DATA FOR REVIEW Block Start
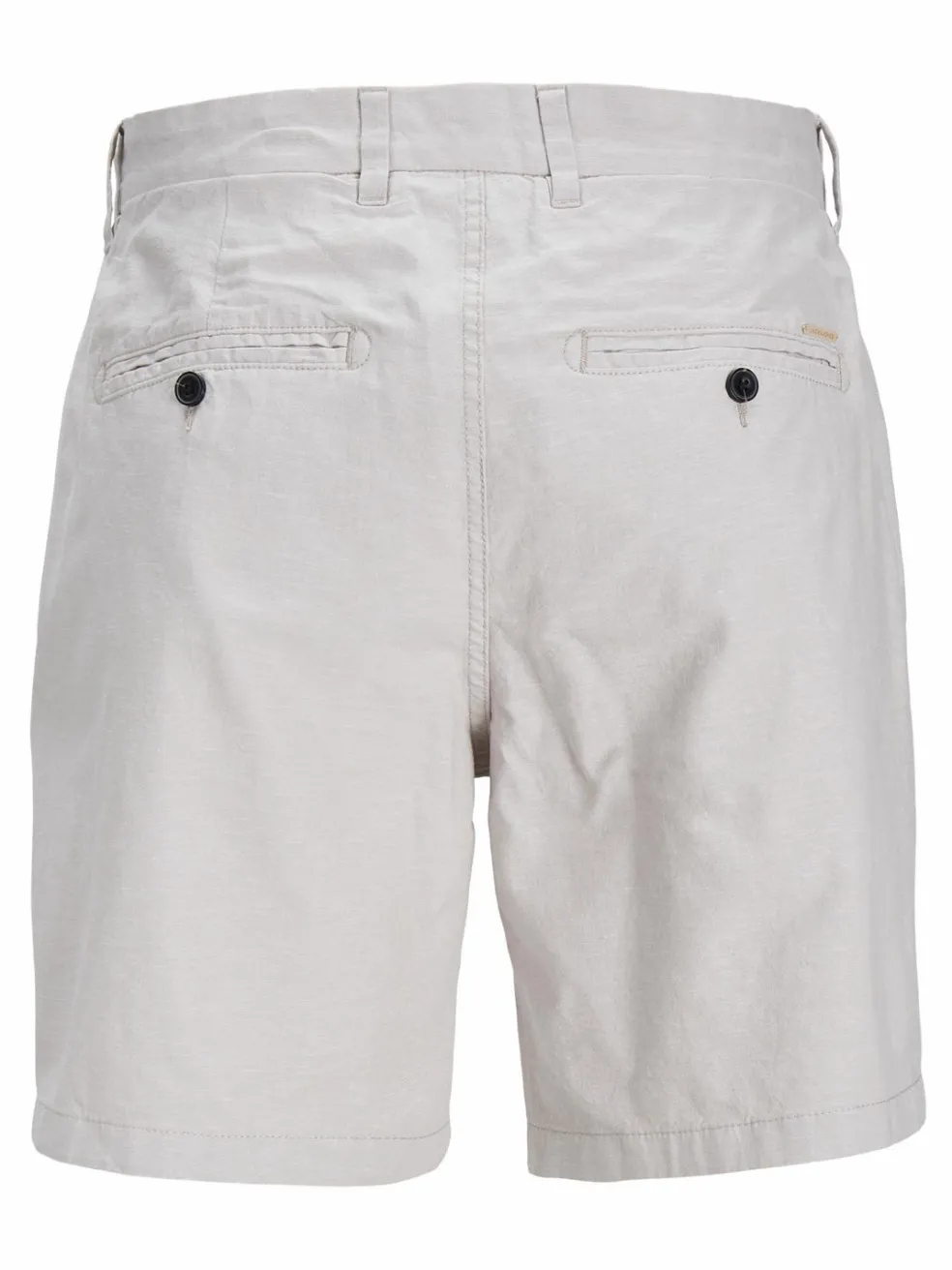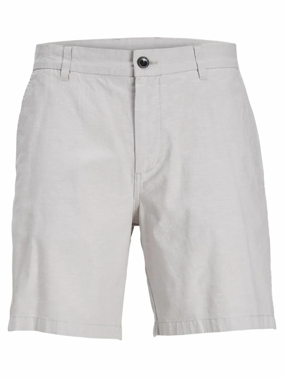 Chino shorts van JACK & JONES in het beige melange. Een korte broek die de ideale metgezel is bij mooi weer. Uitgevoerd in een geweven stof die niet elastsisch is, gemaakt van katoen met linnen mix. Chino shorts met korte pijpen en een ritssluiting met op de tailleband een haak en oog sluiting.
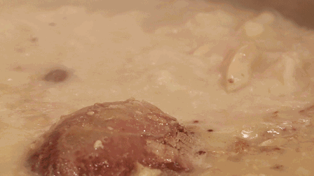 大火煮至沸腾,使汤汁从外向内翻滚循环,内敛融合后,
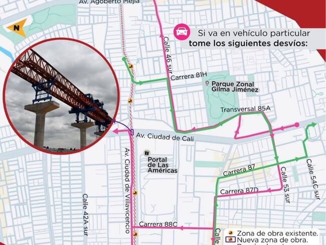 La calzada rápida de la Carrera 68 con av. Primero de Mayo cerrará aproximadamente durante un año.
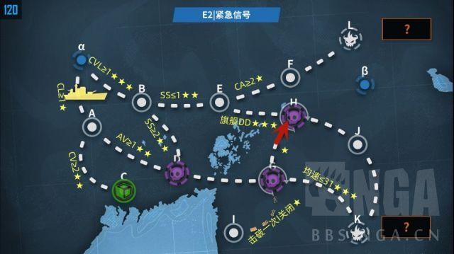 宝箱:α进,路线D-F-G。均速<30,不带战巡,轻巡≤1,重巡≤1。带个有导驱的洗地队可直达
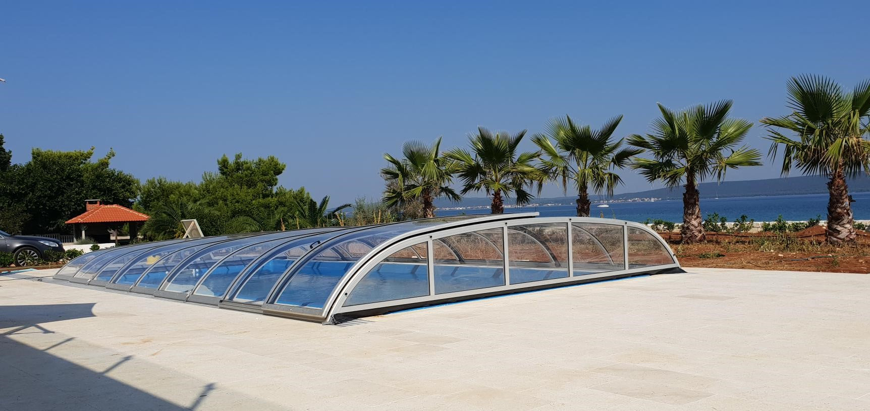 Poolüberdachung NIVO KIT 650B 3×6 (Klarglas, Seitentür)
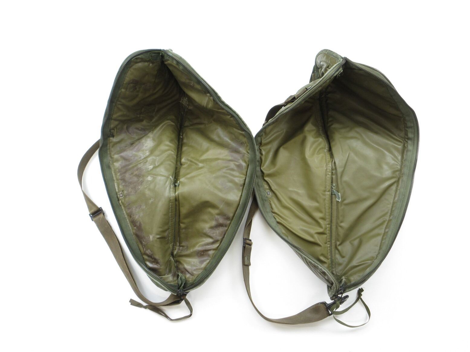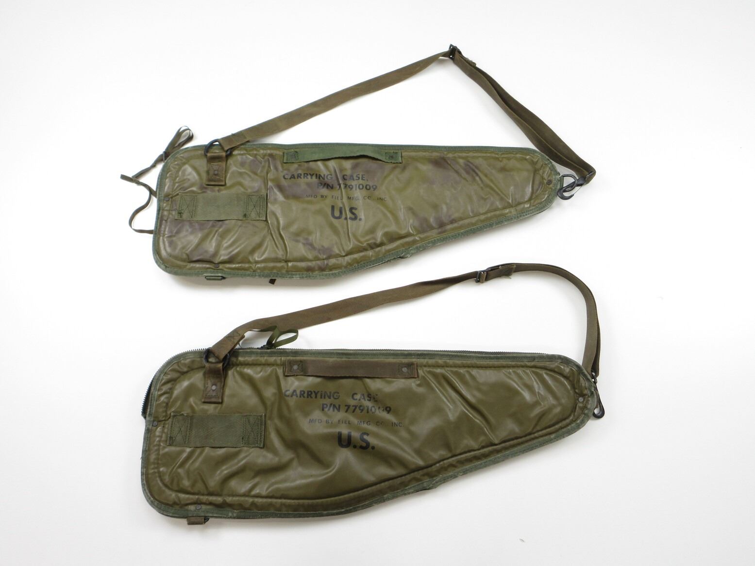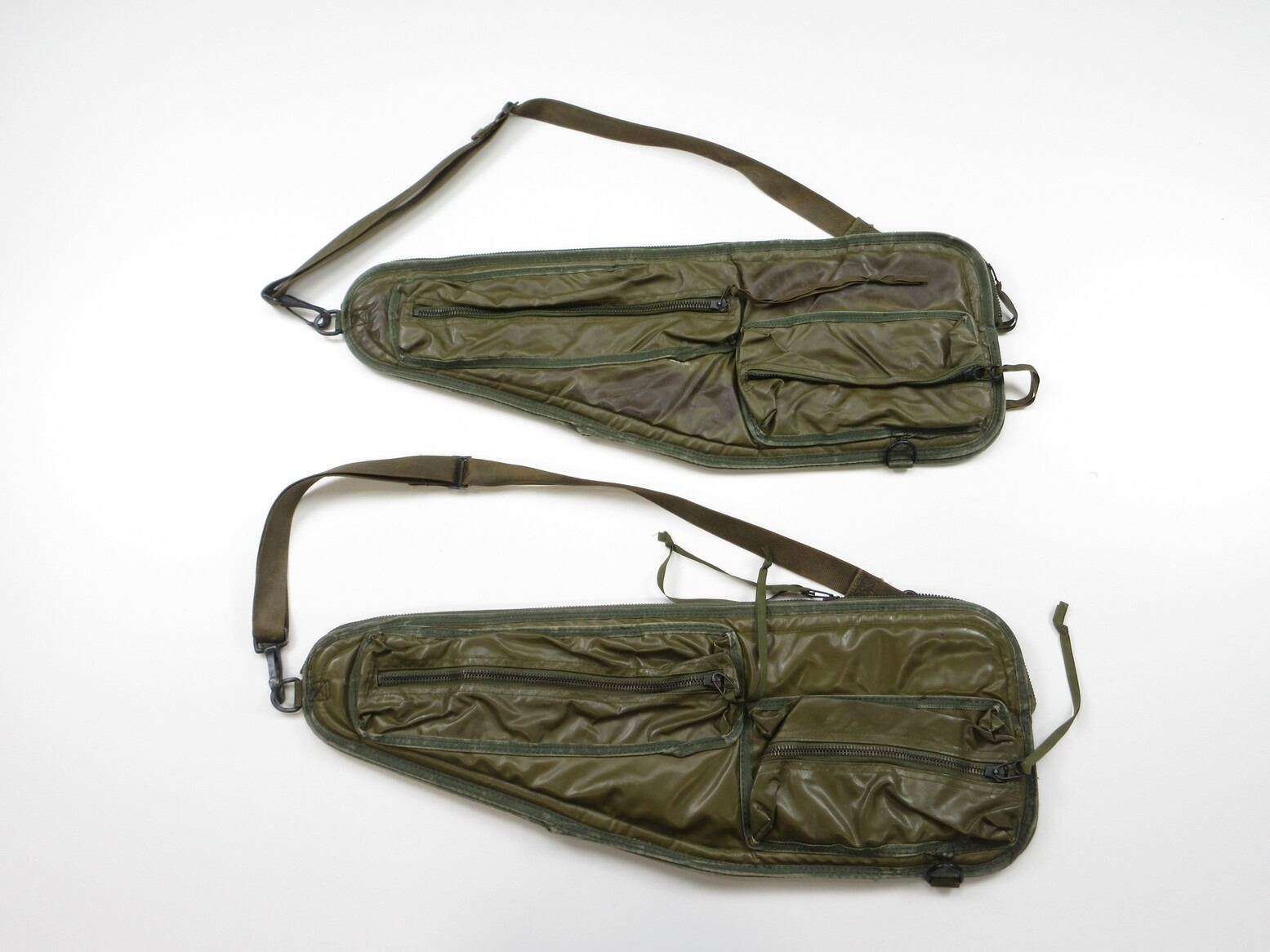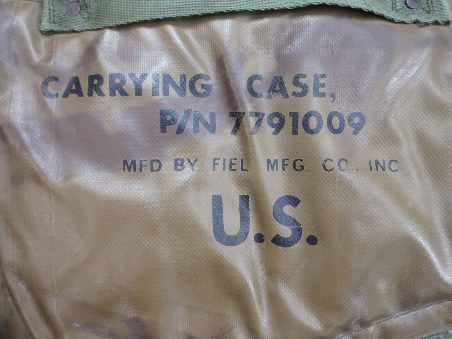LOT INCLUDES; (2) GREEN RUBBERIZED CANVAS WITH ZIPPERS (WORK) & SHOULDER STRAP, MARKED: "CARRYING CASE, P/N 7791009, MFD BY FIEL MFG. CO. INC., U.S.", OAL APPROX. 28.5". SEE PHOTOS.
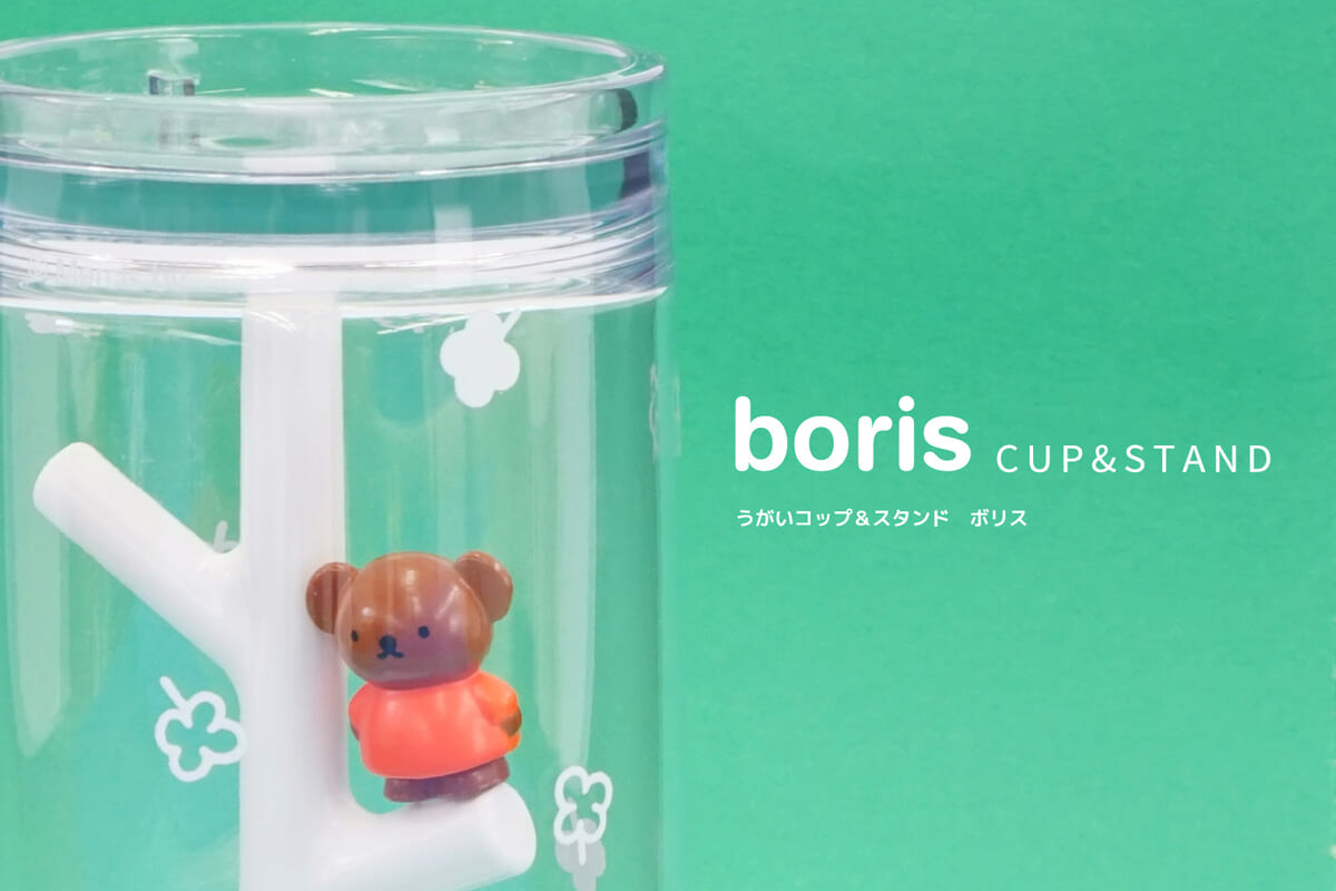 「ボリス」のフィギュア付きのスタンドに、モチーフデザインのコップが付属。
DATA FOR REVIEW Block End
*YOUR INSTRUCTIONS*
Reproduce the lines above exactly, please, but not the pictures in them.

*RESPONSE*
 Chino shorts van JACK & JONES in het beige melange. Een korte broek die de ideale metgezel is bij mooi weer. Uitgevoerd in een geweven stof die niet elastsisch is, gemaakt van katoen met linnen mix. Chino shorts met korte pijpen en een ritssluiting met op de tailleband een haak en oog sluiting.
 大火煮至沸腾,使汤汁从外向内翻滚循环,内敛融合后,
 La calzada rápida de la Carrera 68 con av. Primero de Mayo cerrará aproximadamente durante un año.
 宝箱:α进,路线D-F-G。均速<30,不带战巡,轻巡≤1,重巡≤1。带个有导驱的洗地队可直达
 Poolüberdachung NIVO KIT 650B 3×6 (Klarglas, Seitentür)
LOT INCLUDES; (2) GREEN RUBBERIZED CANVAS WITH ZIPPERS (WORK) & SHOULDER STRAP, MARKED: "CARRYING CASE, P/N 7791009, MFD BY FIEL MFG. CO. INC., U.S.", OAL APPROX. 28.5". SEE PHOTOS.
 「ボリス」のフィギュア付きのスタンドに、モチーフデザインのコップが付属。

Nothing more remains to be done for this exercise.